Lofty goals, and it won't happen overnight. At the very least, we could work
on moving some of he high elevation digis near populated areas to lower
elevations and encourage building of UHF digis in the same densely populated
areas. Users could be asked to stick to low power when needed. These can all
be done without fancy frequency agile radios that automatically adjusted
their power output.

I'm not putting down 9600 bps packet. I've never even owned a 9600 bps TNC
(until now... just received a beta TT4 the other day) so don't have any
first-hand experience with the vagaries of 9600 bps on RF, but I'm all for
developing equipment for faster and more robust packet connections. There
are those experimenting with 9600 bps packet, notably in the Seattle / Puget
Sound area, but for general use, it sounds like there are advantages of 1200
vs 9600 and there are advantages on VHF vs UHF, but both will have a place.
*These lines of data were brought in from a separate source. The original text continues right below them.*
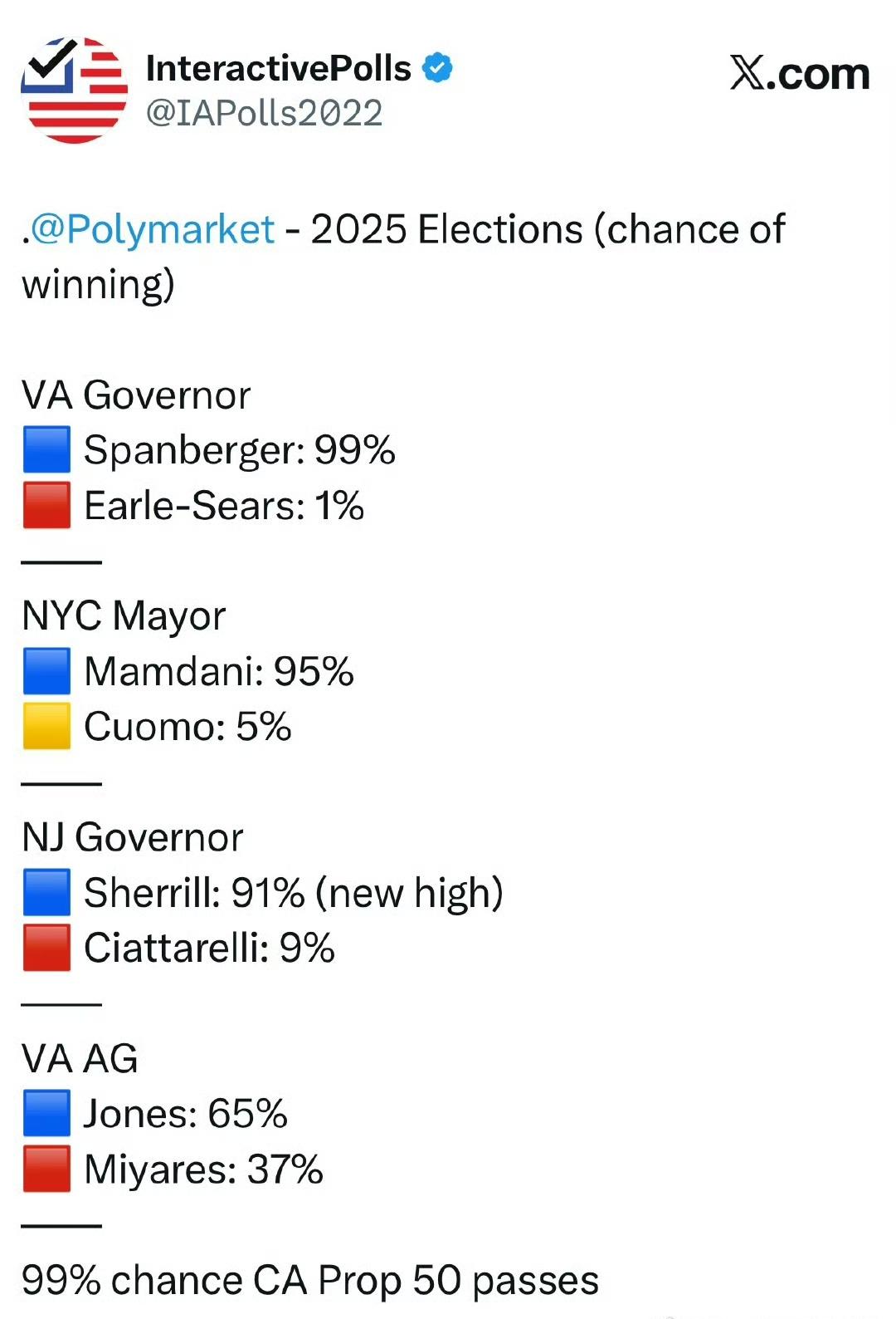 据最新预测消息,民主党有可能横扫新泽西和纽约弗吉尼亚的选举! 新泽西州选举日投
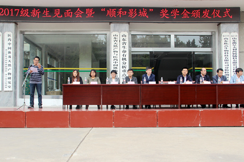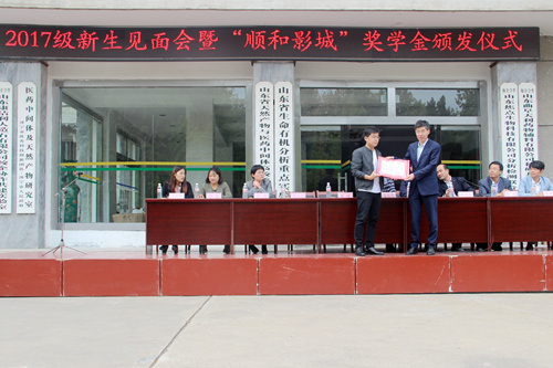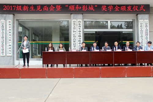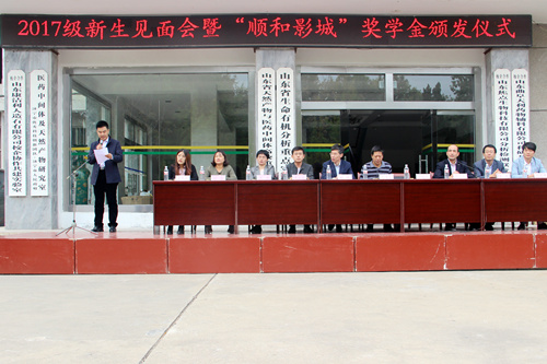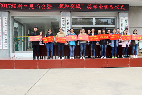 2017级新生见面会暨“顺和影城”奖学金颁发仪式在院楼前广场隆重举行。院长尤进茂、党委书记赵琪、党委副书记孙俊华、曲阜顺和影城总经理李正超、团委书记胡乃永、办公室主任陈光、教学秘书胡蕾、教师代表齐伟、辅导员张乾坤、王亚平出席大会。会议由胡乃永主持。
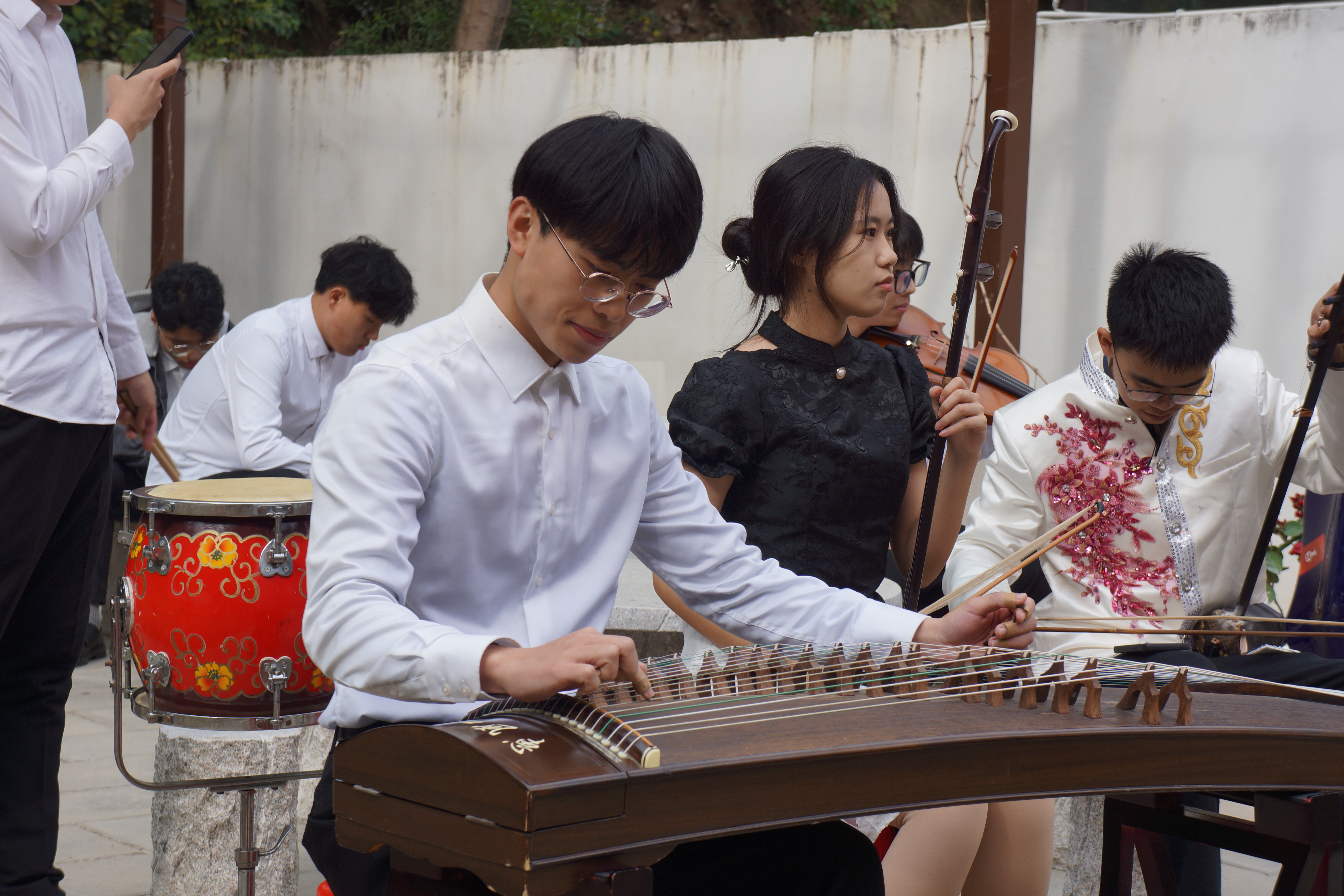音乐学系的同学们演奏歌曲,用音乐快闪为本次活动拉开序幕。《青花瓷》《想见你》《相亲相爱》《美丽中国》……精彩表演赢得阵阵掌声,基地现场热闹非凡。
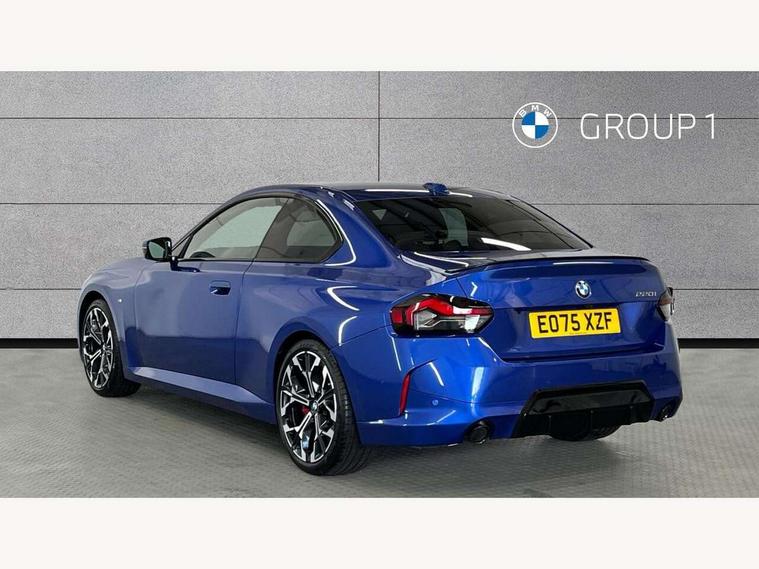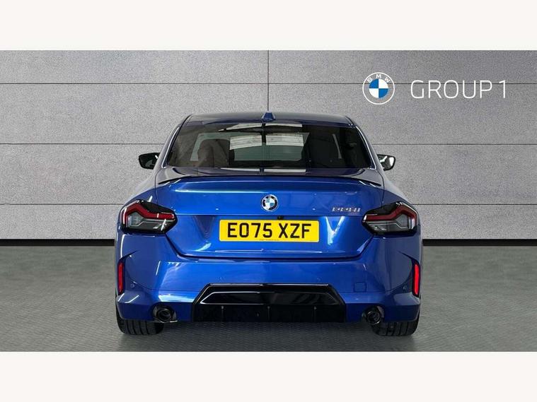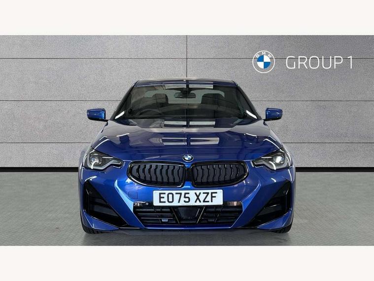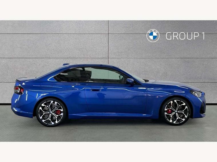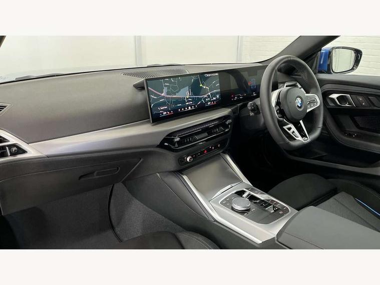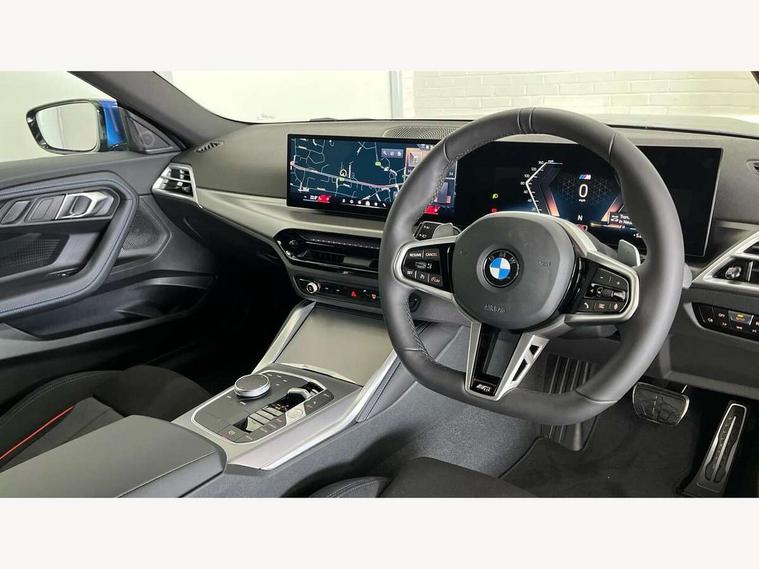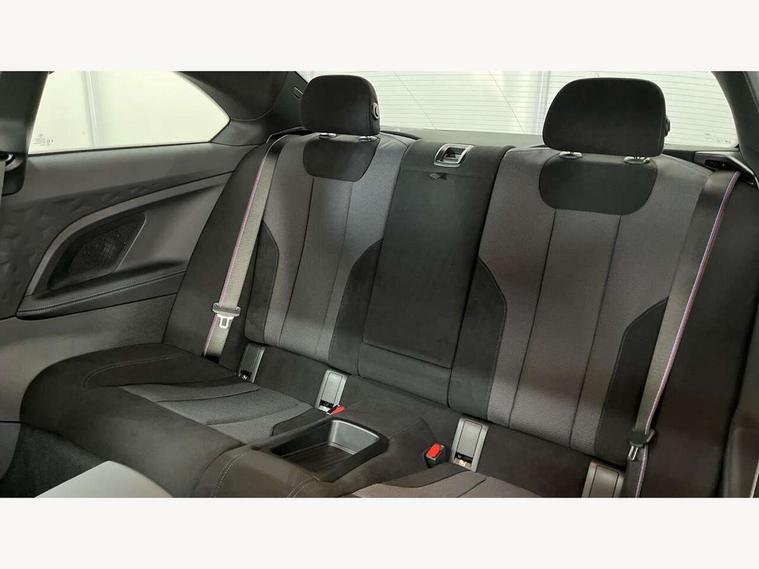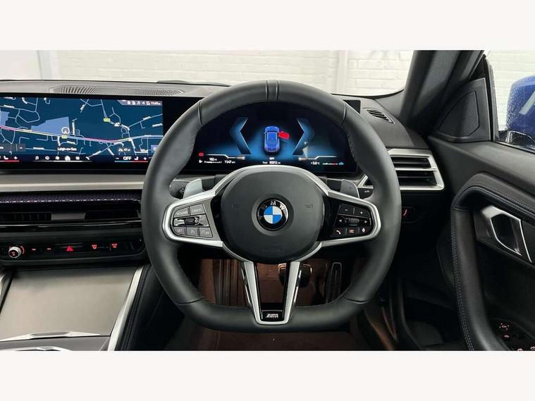 Active guard plus, Attentiveness assist, Bluetooth with USB, BMW ConnectedDrive online services, BMW Intelligent Personal Assistant, BMW Live cockpit plus, BMW Teleservices, Check Control warning system for monitoring of lights and door/luggage compartment open warning, Control Infotainment, Direct selection buttons, Drive off assistant, eSim with 5G connectivity, Front and rear parking sensors, iDrive controller with turn and press function, Intelligent functions, Oil sensor for level and grade, Optimum shift indicator, Parking assistant with active park distance control, reversing assistant, lateral parking aid and rear view camera, Personal Profile, Smartphone integration, Touch operation on control display, Variable sport steering, Widescreen display with 12.3" fully digital instrument cluster and 14.9" control display, WiFi interface for wireless connection of mobile terminal devices, Aluminium lightweight construction, Balancer shaft, BMW TwinPower Turbo four-cylinder petrol engine, Double VANOS, Drive performance control with ECO PRO comfort + sport mode, Dynamic stability control, Electronic differential lock, High precision injection, M sport suspension, Petrol Particulate Filter, Steptronic transmission with gearshift paddles, Twin scroll turbocharger with Valvetronic, 1 x USB Type A with data transfer and 1.5 Ampere charging function in the centre console, 1 x USB Type C with 3 Ampere charging function in the front centre armrest, DAB tuner, Acoustic windscreen wipers for reduced driving noise, Automatic windscreen wipers and automatic headlight, Body colour door handles flush with door surface, Body colour door mirrors, Body colour front and rear bumpers, Daytime running lights, Electric windows - front and rear, with open/close fingertip control and trap release, Exhaust tailpipes x2 - 90mm in left and right, Fading support, Front and rear bumper system with replaceable deformation elements, Front door sill finishers in black plastic with BMW designation, Front windscreen wipers with integrated washer jets, Green tinted heat protection glazing, High gloss black sill, bumper trim sides and diffuser insert, High level third brake light, Indicators integrated int mirror housing, Interior rear-view mirror with automatic anti-dazzle function, LED registration plate light, LED technology rear tail lights, brake lights and turn indicators, M high gloss shadowline, Radiator grille frame and tailpipe trims in pearl chrome, Rear boot, Rear fog lights, Reversing light in rear light cluster, Shark fin antenna, Single part LED rear lights with smoked glass components, Trailer stabilisation logic, Visible VIN plate, 12V power socket in front centre console with blanking plug, 2 cupholders in front centre console, 2 zone automatic air conditioning, Ambient door pocket lighting in the cetre console, Ambient inside door handle light, Area lighting in the door trim panel, Conditioned based service, Door entry lights in the front door trim panel, Dynamic ambient lighting for welcome, goodbye, open doors, phone call, English handbook, Folding rear seat head rests, Front ambient footwell lighting, Front ambient lighting, Front and rear side armrests integrated into door trim, Front armrest, Front door pockets, Front head restraints, Heated front seats, Illuminated glove compartment with separate small compartment, M headliner Anthracite, M sport leather steering wheel, Manually adjustment steering wheel column, Rear seat backrest with manual 40:20:40 split folding, Rear seat centre foldable armrest with integrated cup holder, Single front passenger seat, Storage compartment between rear seats, Storage tray and compartment with cover in centre console, Sun visors with vanity mirrors and insert tab, Through loading system with 40/20/40 split folding 2 rear seat in 2nd row, Velour floor mats, Connected pack professional - 2 Series Coupe, M Sport exterior styling aerodynamics pack - 2 Series Coupe, Storage compartment pack - 2 Series Coupe, 2 tone horn, Anti lock braking system (ABS) with cornering brake control, BMW emergency call, Brake drying, Child seat ISOFIX attachment for the two outer rear seats, Crash sensor activating of airbags, Unlocking doors, hazard warning lights, interior light, safety battery terminal, Deactivation of fuel pump in the event of a crash, Driver and front passenger airbags, Driver and front passenger side airbags, integrated in the door side seat backrest bolsters for all seat variants, Dynamic brake control, Dynamic Traction Control - DTC, Electrically operated hand brake including automatic hold function and automatic release when driving off, Front and rear disc brakes, Front centre airbag between driver and front passenger seats, Front passenger airbag deactivation, Head airbags for all 4 outer seats, PC iBrake (Post crash approach control warning with light braking function), Seat belt security check for driver and front passenger, Seatbelt warning, Side impact protection, Three point seat belts on 4 seats including front belt stopper, pyrotechnic belt tensioners and belt force limiters, Tyre pressure monitoring system, Warning triangle and first aid kit, Alarm system (Thatcham 1) with remote control and electronic engine immobiliser, Central locking switch for all doors, fuel filler cap and luggage compartment, Deadlocking function system to all doors, Drive away locking system on all doors and luggage compartment, Locking wheel bolts, Start/Stop button (illuminated) in centre console with keyless engine start and Auto Start-Stop deactivation button, Two remote control key with integrated key - one button for open and close doors/fuel flap/tailgate and separate button for unlock luggage compartment, Electrically powered 12V compressor, Reduced rolling resistance tyres, Tyre repair kit,
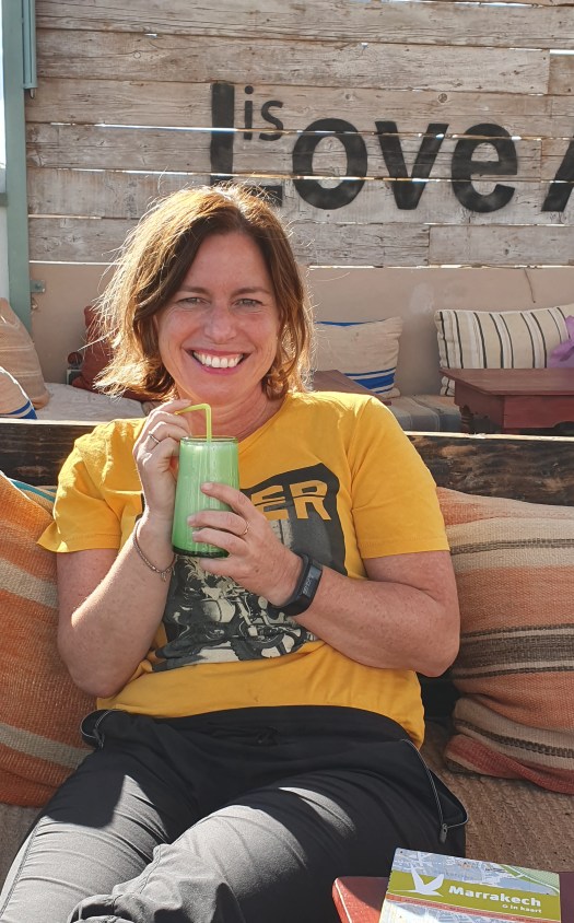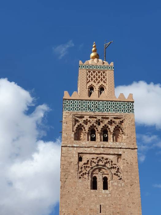 We stappen uit bij de Koutoubia-moskee. Hét herkenningspunt van Marrakesh. De minaret uit de twaalfde eeuw is vrijwel overal in de oude stad zichtbaar. Altijd handig voor types zoals ik.
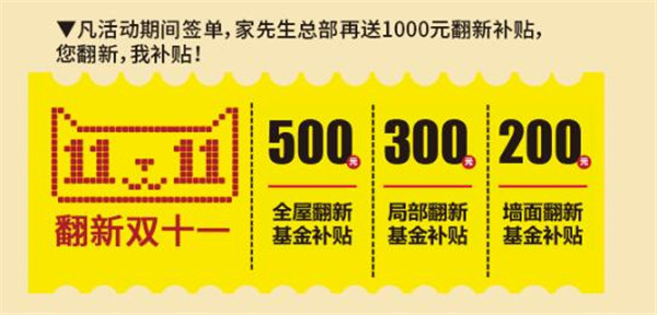 凡活动期间签单,家先生总部再送1000元翻新补贴,您翻新,我补贴!
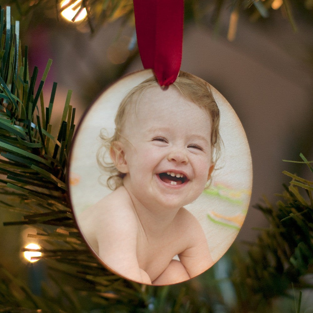 Your favourite photos are printed individually onto wooden discs to create these personal alternatives to Christmas baubles, allowing you to create you very own take on a family tree.

It's just time & money, and the enthusiasm for development new equipment.
I'm hoping the commercial manufacturers don't abandon us, but I'm
increasingly getting the impression that development of "leading edge RF
communications" is again putting the ball back in our court instead of
leaving it up to the commercial manufacturers telling us what they can

73 es cul - Keith VE7GDH
"I may be lost, but I know exactly where I am!"